Top 5 Hours when Show HN Posts accumulated maximum points:

16:00:00 -> 2.44 average points per hour
12:00:00 -> 2.35 average points per hour
17:00:00 -> 2.33 average points per hour
13:00:00 -> 2.26 average points per hour
15:00:00 -> 2.06 average points per hour



# Conclusion

In this project, we analyzed ask posts and show posts to determine which type of post and time receive the most comments on average. Based on our analysis, to maximize the amount of comments a post receives, we'd recommend the post be categorized as ask post and created between 15:00 and 16:00 (3:00 pm est - 4:00 pm est).

However, it should be noted that the data set we analyzed excluded posts without any comments. Given that, it's more accurate to say that of the posts that received comments, ask posts received more comments on average and ask posts created between 15:00 and 16:00 (3:00 pm est - 4:00 pm est) received the most comments on average. 

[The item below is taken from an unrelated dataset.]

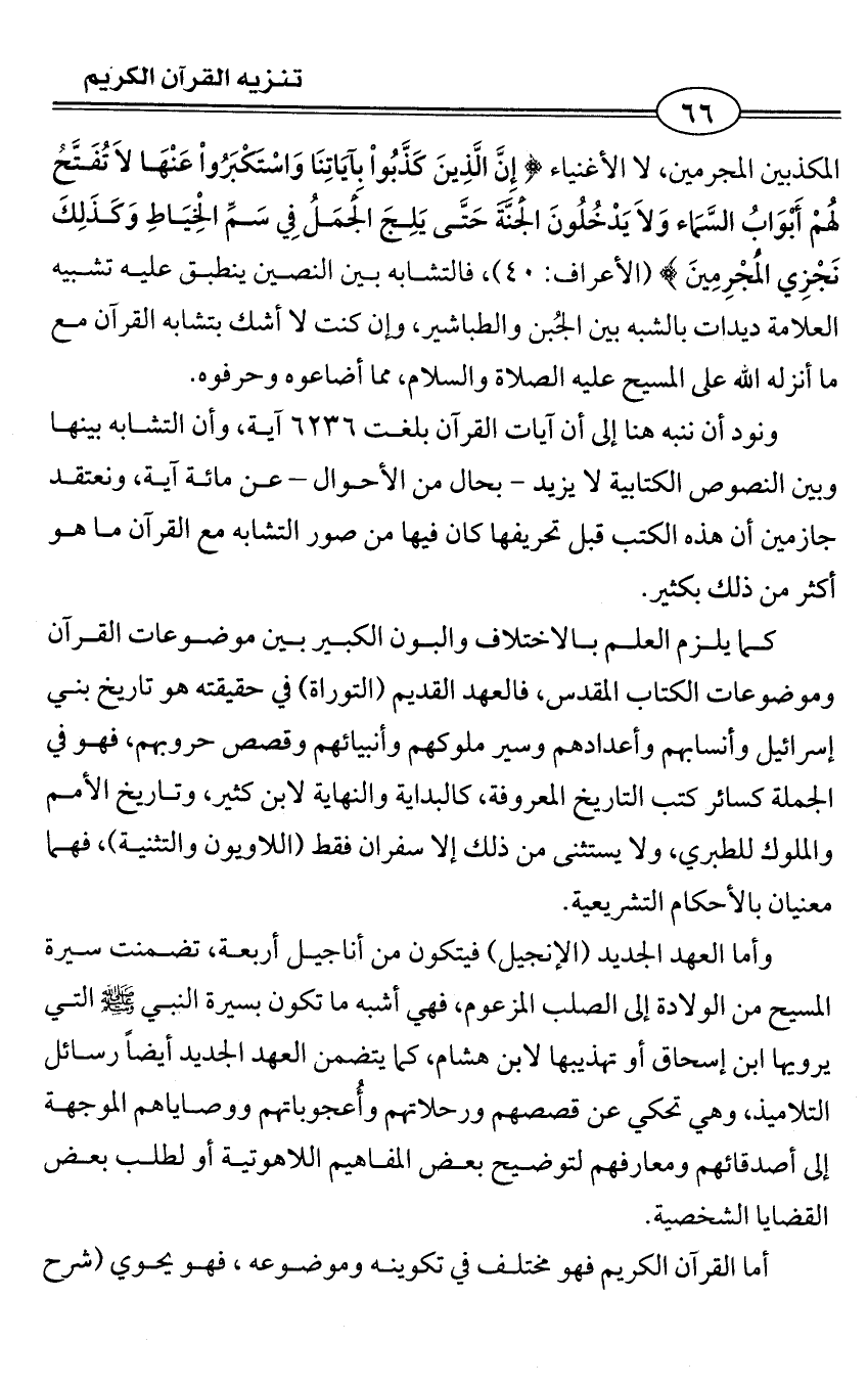 كما يلزم العلم بالاختلاف والبون الكبير بين موضوعات القرآن وموضوعات الكتاب المقدس، فالعهد القديم (التوراة) في حقيقته هو تاريخ بني إسرائيل وأنسابهم وأعدادهم وسير ملوكهم وأنبيائهم وقصص حروبهم، فهو في الجملة كسائر كتب التاريخ المعروفة، كالبداية والنهاية لابن كثير، وتاريخ الأمم والملوك للطبري، ولا يستثنى من ذلك إلا سفران فقط (اللاويون والتثنية)، فهما معنيان بالأحكام التشريعية.

Also, an additional analysis was performed to find which type of post and the time recieves more points. Based on it, to maximise the points collected by posts, we'd recommend the post to be categorized as show post and created between 16:00 and 17:00 (4:00 pm - 5:00 pm est). The blockbuster post was also found using this points analysis.